Here is the resulting consumer info:

 "stream_name": "events",
 "name": "pull-consumer",
 "created": "2022-01-27T12:28:54.149443Z",
 "config": {
  "durable_name": "pull-consumer",
  "deliver_policy": "all",
  "ack_policy": "explicit",
  "ack_wait": 30000000000,
  "max_deliver": -1,
  "filter_subject": "events.*.1",
  "replay_policy": "instant",
  "max_waiting": 512,
  "max_ack_pending": 65536
 "delivered": {
  "consumer_seq": 0,
  "stream_seq": 0
 "ack_floor": {
  "consumer_seq": 0,
  "stream_seq": 0
 "num_ack_pending": 0,
 "num_redelivered": 0,
 "num_waiting": 0,
 "num_pending": 734,
 "cluster": {

Much of this will look similar to the push-based consumer info, so I will highlight the main differences.

First and importantly, nothing has been delivered! delivered.consumer_seq and delivered.stream_seq are zero because we have not fetched any messages with our subscription yet.
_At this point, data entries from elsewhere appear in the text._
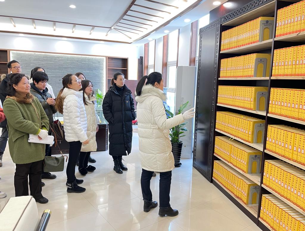 图书馆老师张晓为我院全体党员介绍了图书馆精品书库中珍贵典藏的相关情况,并就图书版式、行款、用料、装帧、采购和保存环境等方面和马院的党员同志们进行了深入交流。图书馆精品书库中入藏了国家重点出版物国家图书馆出版社仿真影印版《永乐大典》、商务印书馆文津阁《四库全书》、《点校本二十四史》国庆七十周年纪念珍藏版等数千册传世文献经典。马克思主义学院党员老师们在馆内驻足参观、小心翻阅着这些传世著作,从泛黄的书页中体察中国古代历史中的风云变化,感受饱经沧桑的那一份历史的厚重感,不时地发出赞叹,党员同志们表示此次参观活动加深了对中华历史文化的认知和理解,增强了文化自信心和自豪感,陶冶了情操,净化了心灵。
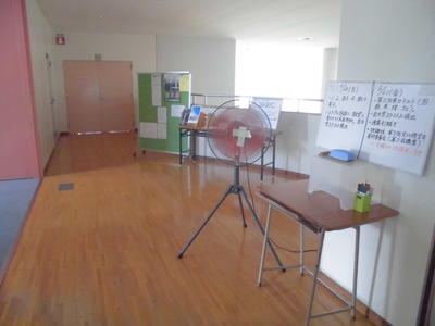とにかく暑すぎて、教室は窓を少し開けてのエアコンフル回転+扇風機のダブルで何とかしのいでいましたが、それにしても暑いです。今日は廊下も扇風機を回すほどの暑さです。本日の部活動も中止となりました。
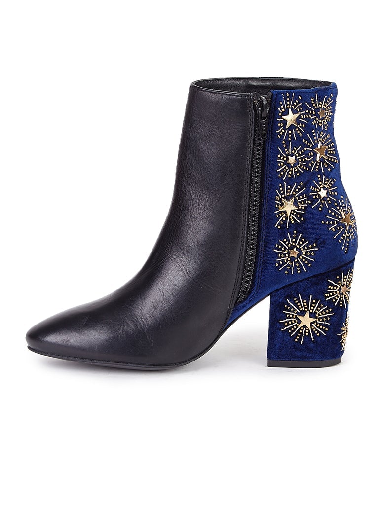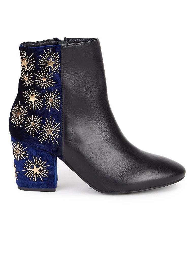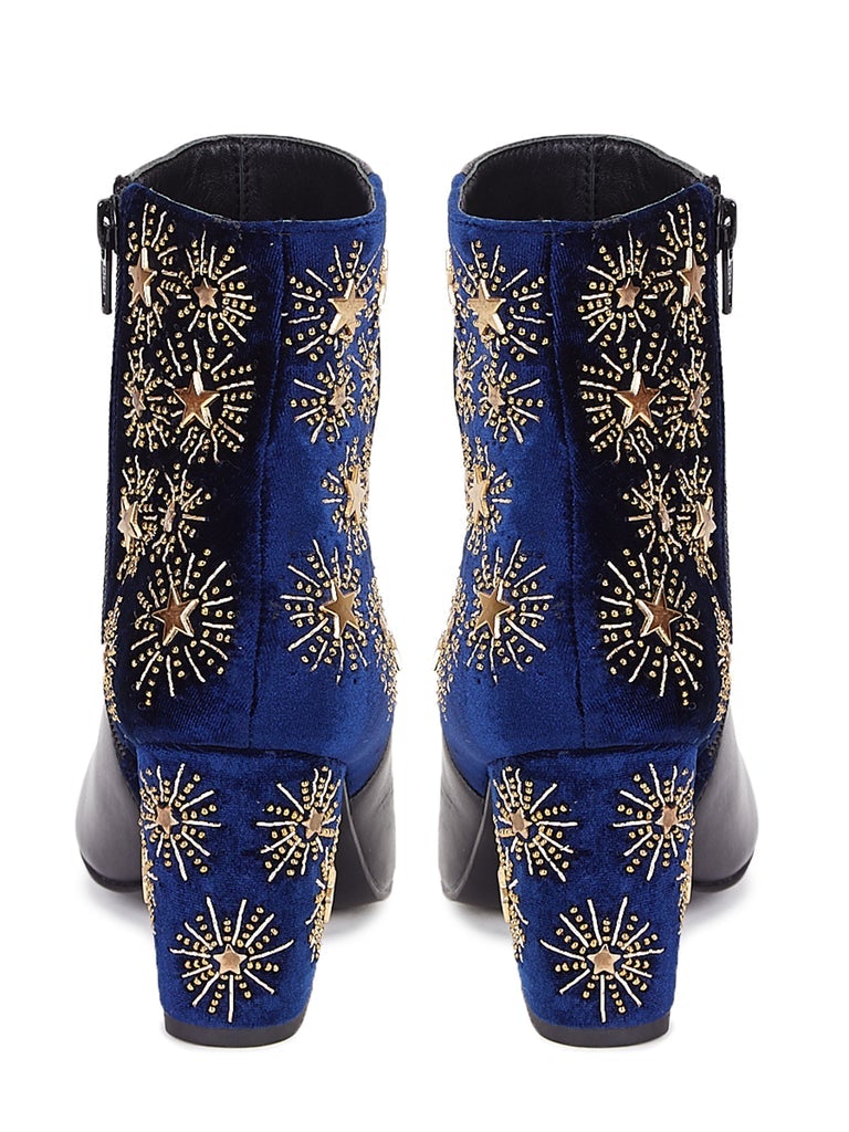 A pair of blue heel boot , has mid-top styling, closed inside zip . Back of the boat decorated with gold hand embroidery. On blue velvet upper and heel.

There is no config.deliver_subject. How can this be? Each call to sub.Fetch sends an explicit request to the server and then the server replies back over an internal reply subject (like the standard request-reply pattern) with metadata and the batch of messages. There is no need to explicitly set a deliver subject like with a push consumer.

There is a new field present, we had not seen in push consumers, config.max_waiting. This one is a bit subtle, but it defines the maximum number of in-flight fetch requests for the consumer (not the number of in-flight messages being fetched). 🤨 You may be thinking "why/how would I have more than one call to Fetch at a time?"

Implicit queue groups

Since it is the subscribers who are fetching messages rather than the server pushing them, the control of message distribution is on the subscribers. Specifically, multiple subscriptions can be bound to the same pull-consumer to fetch messages concurrently.

Since we have our first subscription created above sub and assuming the stream is populated, we can fetch some messages (error handling ignored for brevity).

msgs, _ := sub.Fetch(5)

for _, msg := range msgs {
  meta, _ := msg.Metadata()
    "got msg %d/%d on subject %s",

We are simply ack'ing the message, extracting the metadata from the header and printing out sequence and subject.

got msg 1/1 on subject events.a.1
got msg 3/2 on subject events.a.1
got msg 4/3 on subject events.b.1
got msg 5/4 on subject events.a.1
got msg 6/5 on subject events.c.1

We can see all the subjects match the expected filter. Message with stream sequence 2 appears to have been filtered out.

Let's create another subscription and do the same thing:

sub2, _ := js.PullSubscribe("events.*.1", "pull-consumer")

If we fetch another 5 messages like above, what do we expect?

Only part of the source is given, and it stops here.